Populating an empty dataset

Once an empty Nipoppy dataset has been created, the next step is to manually populate it with the raw data available in the study.

In general, all data pertaining to the study should be stored together (i.e., under <DATASET_ROOT>), as that makes it easier to maintain the dataset, link data between modalities, and keep track of the available data.

Note

Depending on the study you are working with, there might not be any data to put in some of the directories described below – that is not an issue. On the other hand, if your study has data that does not seem to fit anywhere, you should still try to store it inside the Nipoppy dataset. You can create additional directories for non-imaging and non-tabular data under <DATASET_ROOT> or <DATASET_ROOT>/scratch (in moderation).

Summary

Prerequisites

Data directories

Directory

Content description

<DATASET_ROOT>/downloads

Data archives, web downloads, etc. (imaging and non-imaging data)

<DATASET_ROOT>/scratch/raw_imaging

Arbitrarily organized raw imaging data (DICOMs or NIfTIs)

Data archives and web downloads

The <DATASET_ROOT>/downloads directory is for storing data archives (e.g., .zip, .tar, or .tar.gz files), or any file downloaded/moved from another location (e.g., spreadsheets for raw tabular data).
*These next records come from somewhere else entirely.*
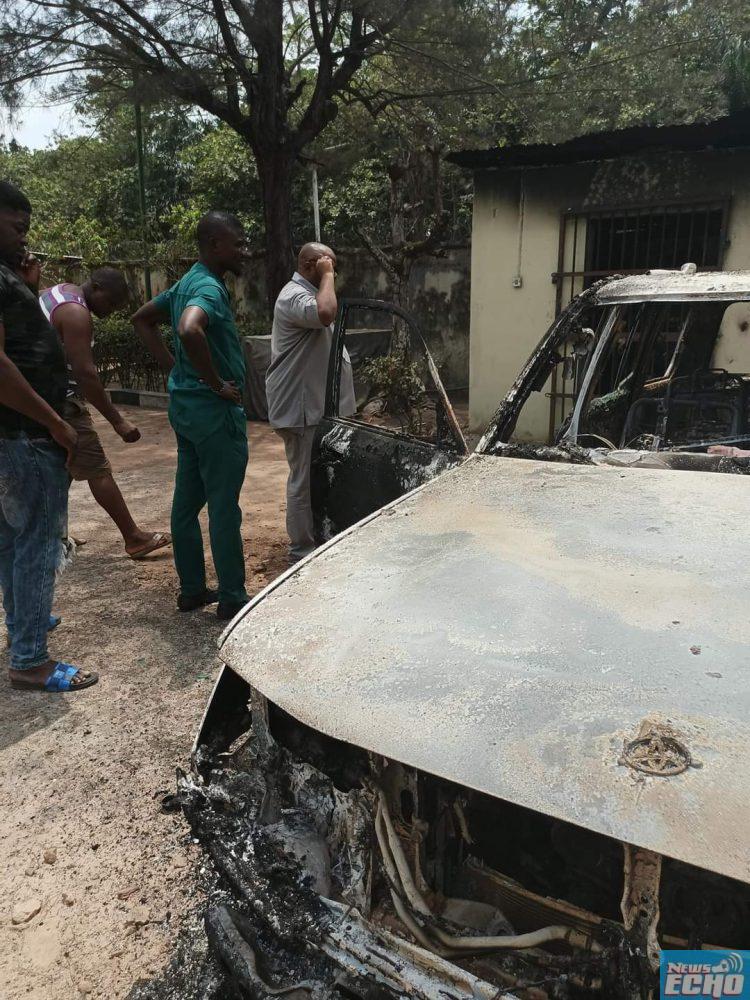 Unknown arsonists had on Tuesday, set the Alayi country home of Ukeje who represented Bende federal constituency from 2007 to 2019, ablaze, burning the interior part of the house and also burning two posh cars parked inside the compound.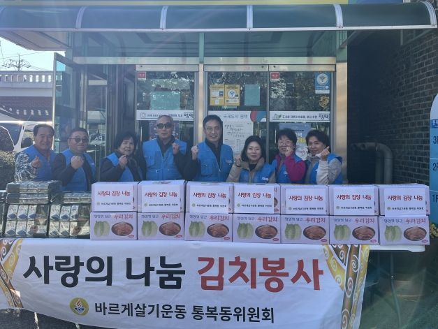 이석주 통복동 바르게살기위원장은 “직접 담근 김장 김치를 추운 겨울 어렵게 지내시는 이웃에게 전달하고 싶어 이번 나눔 행사를 진행했으며, 앞으로도 지역사회에 더욱 많은 관심을 갖고 다양한 활동을 추진하겠다”고 말했다.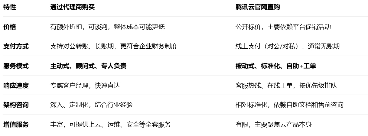 对于中小企业、初创公司,如果技术能力较强,需求简单,官网直购方便快捷。但对于中大型企业、传统行业转型、有复杂业务系统或对服务响应、成本控制、持续运维有较高要求的客户而言,通过一个优质的代理商购买腾讯云,相当于雇佣了一个“专属的云管理团队”。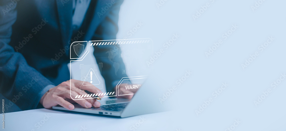 The watermark will not be included on Wall mural.: Alert cyber attack, symbol threat on the network - concept of a security warn system for hacker attac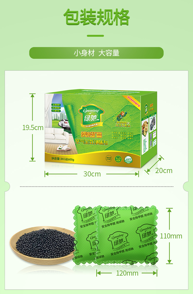 京东自营绿驰 3600g纳米矿晶装修家具汽车甲醛清除剂 去除甲醛苯除油漆味 竹炭活性炭碳包强力除味剂
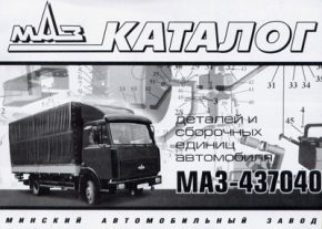 Полный заводской каталог запчастей МАЗ 437040, каталог деталей и сборочных единиц автомобиля МАЗ 437040. Книга содержит развернутую спецификацию (в спецификации приведены номера и наименования узлов и деталей, а также указано количество деталей на подгруппу) узлов и деталей автомобилей МАЗ 437040, сгруппированную по конструктивному и функциональному признаку, рисунки деталей и сборочных единиц автомобиля МАЗ-437040, а также текстовую часть, в которой указаны номера деталей, их наименование и количество на сборочную единицу, в последовательности, указанной в оглавлении.

An example of this would be file dumps downloaded from web portals (e.g., LONI).

There is no specification for the internal organization inside this directory, though it should be internally consistent. If downloads are made at multiple points in time, files should be labelled with a timestamp (and not overwritten).

Attention

If you have imaging data that does not need to be uncompressed/extracted (for example, if the BIDS conversion pipeline you plan to use can handle data archives), then it should not go in the <DATASET_ROOT>/downloads directory. Instead, those files should go directly to the appropriate imaging data directory.

Raw imaging data

The <DATASET_ROOT>/scratch/raw_imaging directory is for storing raw imaging data as they are, before any organization/processing is done. It is okay (and expected) for the data in this directory to be messy or to follow an arbitrary organization (e.g., many subfolder levels).
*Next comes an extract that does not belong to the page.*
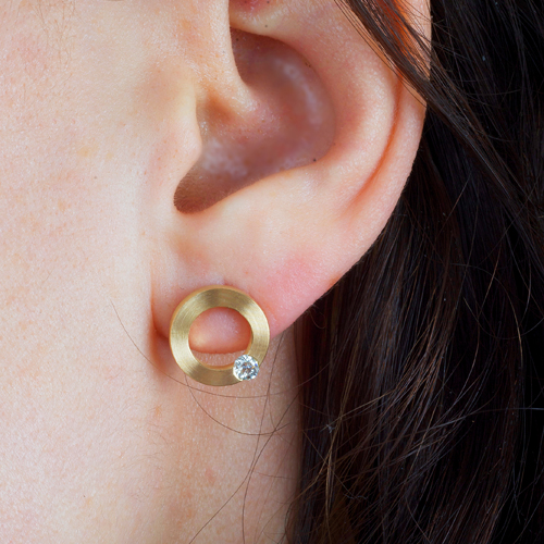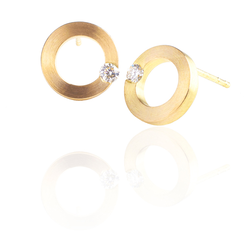 Kleine auf dem Ohr schwebende goldenen Kreise mit feinen Brillanten besetzt zieren das Ohr auf besondere Weise, klassische Ohrstecker mit Pfiff und 12mm Durchmesser.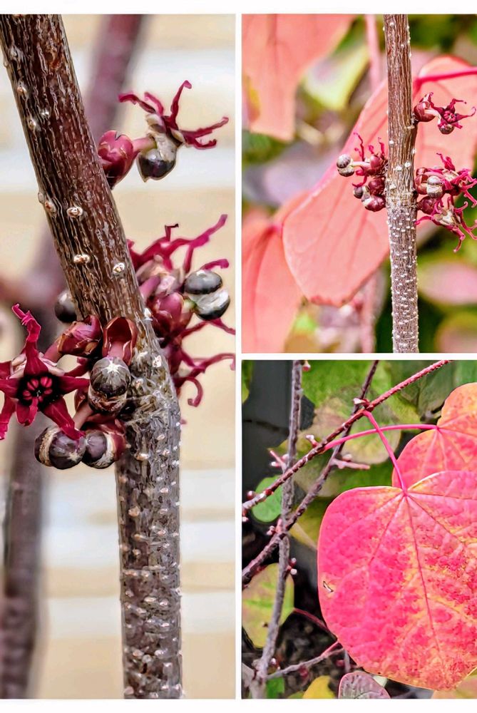 赤いマルバノキも、黄葉のマルバノキもかえでちゃんの黒いバッグ👜に良く似合う。

Data in this directory will typically consists of DICOM files from scanners, though some analyses might start with files in the NIfTI format instead (e.g., if DICOM-to-NIfTI conversion has already been done and the original DICOMs are not available anymore).

Attention

If both DICOMs and NIfTIs are available, we recommend starting over with the DICOMs since they contain more information than NIfTIs for BIDS conversion. If that is not feasible, then <DATASET_ROOT>/scratch/raw_imaging should contain the NIfTIs, and the raw DICOMs can be archived and stored somewhere else (e.g., <DATASET_ROOT>/downloads).

Next steps

For imaging data, the next step is to reorganize the data in a way that prepares it for BIDS conversion.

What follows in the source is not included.